Tags: #YA, #young adult, #contemporary, #romance, #Skye Daniels, #heart, #pendant, #Irstwitch, #Cluck Moo, #Fairest, #Beth Bishop, #Eternal Press, #9781615729517

Fairest

Fairest
By
Beth Bishop
Credits Page

Eternal Press
A division of Damnation Books, LLC.
P.O. Box 3931
Santa Rosa, CA 95402-9998

www.eternalpress.biz

Fairest
by Beth Bishop

Digital ISBN: 978-1-61572-951-7

Print ISBN: 978-1-61572-952-4

Cover art by: Amanda Kelsey
Edited by: Andrea Heacock-Reyes

Copyright 2013 Beth Bishop

Printed in the United States of America
Worldwide Electronic & Digital Rights
Worldwide English Language Print Rights

All rights reserved. No part of this book may be reproduced, scanned or distributed in any form, including digital and electronic or mechanical, including photocopying, recording, or by any information storage and retrieval system, without the prior written consent of the Publisher, except for brief quotes for use in reviews.
This book is a work of fiction. Characters, names, places and incidents either are the product of the author's imagination or are used fictitiously, and any resemblance to any actual persons, living or dead, events, or locales is entirely coincidental.

Dedication page

This book is dedicated to my husband and mother—my most loving audience and editors.

Chapter One

I never got into trouble, so I worried when Doctor Heisen asked me to stay after class. As I waited for my classmates to file out of the room, I stared out the window. Trig was my last class of the day, and it being January, the sun set early. I hoped this talk wouldn't take too long. I planned to have an early dinner and get back to my dorm before the slush refroze.

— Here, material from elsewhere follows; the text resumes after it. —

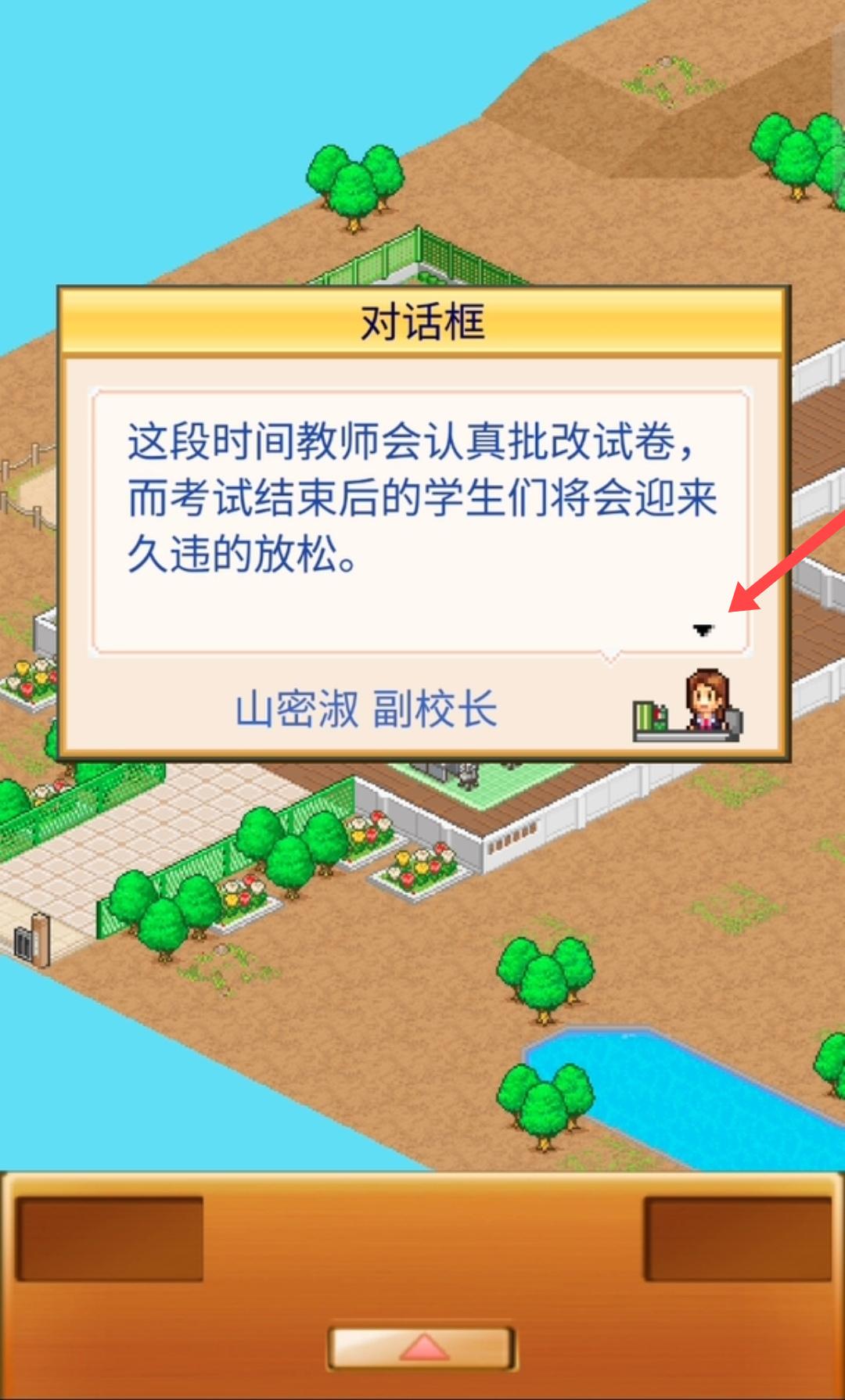3、与副校长对话,出现对话框时,点击对话框下方箭头指示处,继续推进游戏剧情对话。

When the room was clear, I hitched my backpack on my shoulder and walked up to stand before Doctor Heisen's desk. Seated there with his reading glasses perched near the end of his nose, he looked up at me and asked, “Have you ever considered tutoring math, Miss Daniels?” Before I could answer, he glossed over my ability and talent and went straight for the meat. “I see you're lacking in community service.” He glanced down at a sheet of paper on his desk before removing his glasses.

Judging by the memo notes at the top, it had come from the office of Irstwitch School's counselor for second-year girls, Doctor Jennings. I shifted my backpack onto both shoulders. “Yes, sir.”

“You haven't joined any clubs?”

“No, sir.”

He nodded. “You could use the credits, then. This will be an easy way for you to get them.”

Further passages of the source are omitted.